→ **THE TASK**
Everything in the records below from the line containing "Keywords: russian landscape" through the line containing "Netizen menyokong tindakan" is to be reproduced exactly, those two lines included; no picture is to be copied.
*** Opening of DATA SUPPLIED ***
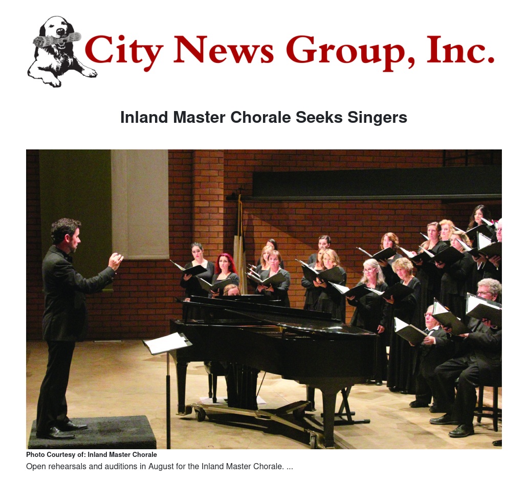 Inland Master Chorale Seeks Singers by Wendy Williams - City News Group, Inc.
*** Close of DATA SUPPLIED ***
*** Opening of DATA SUPPLIED ***
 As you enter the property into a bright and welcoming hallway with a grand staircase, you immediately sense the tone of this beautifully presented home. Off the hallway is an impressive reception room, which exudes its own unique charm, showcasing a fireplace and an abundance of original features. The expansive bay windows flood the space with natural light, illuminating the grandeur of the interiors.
*** Close of DATA SUPPLIED ***
*** Opening of DATA SUPPLIED ***
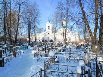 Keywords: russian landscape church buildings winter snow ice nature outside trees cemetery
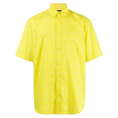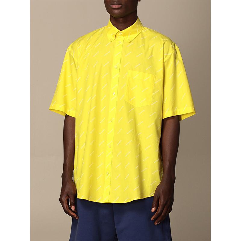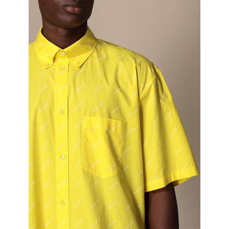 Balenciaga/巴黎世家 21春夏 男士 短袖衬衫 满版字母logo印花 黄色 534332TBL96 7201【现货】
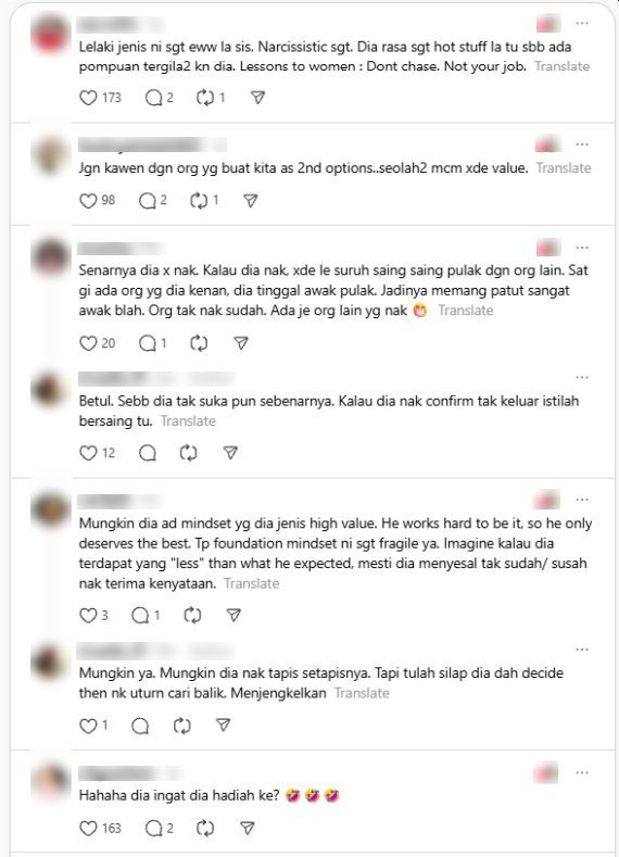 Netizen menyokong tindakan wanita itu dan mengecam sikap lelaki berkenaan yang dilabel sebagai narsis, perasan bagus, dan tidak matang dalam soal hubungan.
*** Close of DATA SUPPLIED ***
→ **REPLY**
 Keywords: russian landscape church buildings winter snow ice nature outside trees cemetery
 Balenciaga/巴黎世家 21春夏 男士 短袖衬衫 满版字母logo印花 黄色 534332TBL96 7201【现货】
 Netizen menyokong tindakan wanita itu dan mengecam sikap lelaki berkenaan yang dilabel sebagai narsis, perasan bagus, dan tidak matang dalam soal hubungan.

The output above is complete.